Certes le sujet peut paraître mince. Or il se trouve que, du vivant encore du vrai baron, ses vraies aventures, ou du moins supposées telles, furent reprises, écrites puis réécrites.
Et pendant deux siècles, le Baron littéraire, éliminant, dépassant, supplantant le baron historique, se mit à vivre une vie bien à lui et à jouir de l’éternité que son caractère de personnage littéraire lui conférait, déjouant en toute sérénité les règles du possible, du crédible et du vraisemblable, ignorant tout autant les décrets qui tracent les frontières que les lois de la pesanteur, de la gravitation, de la technique et de la raison.
« La hache s’éleva si haut, si haut qu’elle s’en alla tomber dans la lune. Comment la ravoir ? Je me rappelai alors que le pois de Turquie croît très rapidement et à une hauteur extraordinaire. J’en plantai immédiatement un qui se mit à pousser et alla immédiatement contourner sa pointe autour d’une des cornes de la lune. Je grimpai lestement vers l’astre, où j’arrivai sans encombre42. »
Dans un premier temps, ce je est né sur une page blanche, pas à Bodenwerder ni à Berlin mais à Londres. C’est là qu’en 1785 (donc du vivant encore du vrai baron) un nommé Rudolf Erich Raspe, originaire lui aussi de Hanovre et commensal dudit baron, savant obstiné et dénué de scrupules, lui donna vie en rédigeant en anglais une première version anonyme des Aventures, espérant obtenir ainsi quelques espèces trébuchantes susceptibles d’apaiser ses créanciers hargneux. Espoir déçu : le petit in-8° sombra dans le silence.

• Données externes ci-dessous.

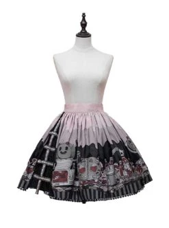 Black White Alice Series OP Retro Splicing Irregular Hem Punk Lolita Short Sleeve Dress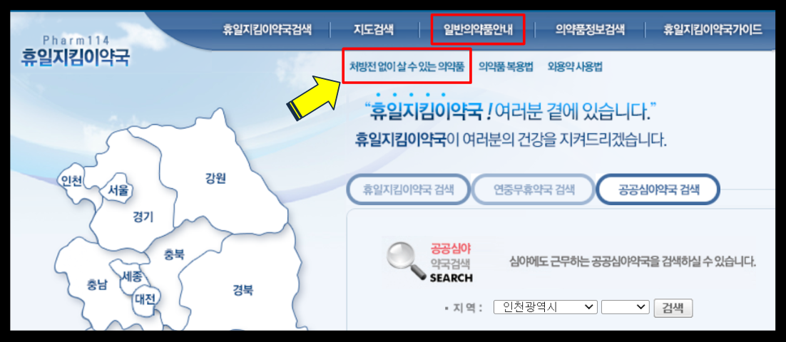 이번에는 처방전없이 살 수 있는 의약품에 대해 알려드리려고 하는데요, 위에 일반의약품 안내에서 처방전 없이 살 수 있는 의약품을 눌러주세요.

Un an plus tard, réintégrant leur patrie, les Aventures furent traduites en allemand à partir du texte anglais et publiées sous la signature – non du vrai baron toujours bien vivant, muet et invisible – mais de Gottfried August Bürger, professeur de belles-lettres à l’université de Göttingen, poète lyrique, ami des mathématiciens, des physiciens, et du grand Goethe.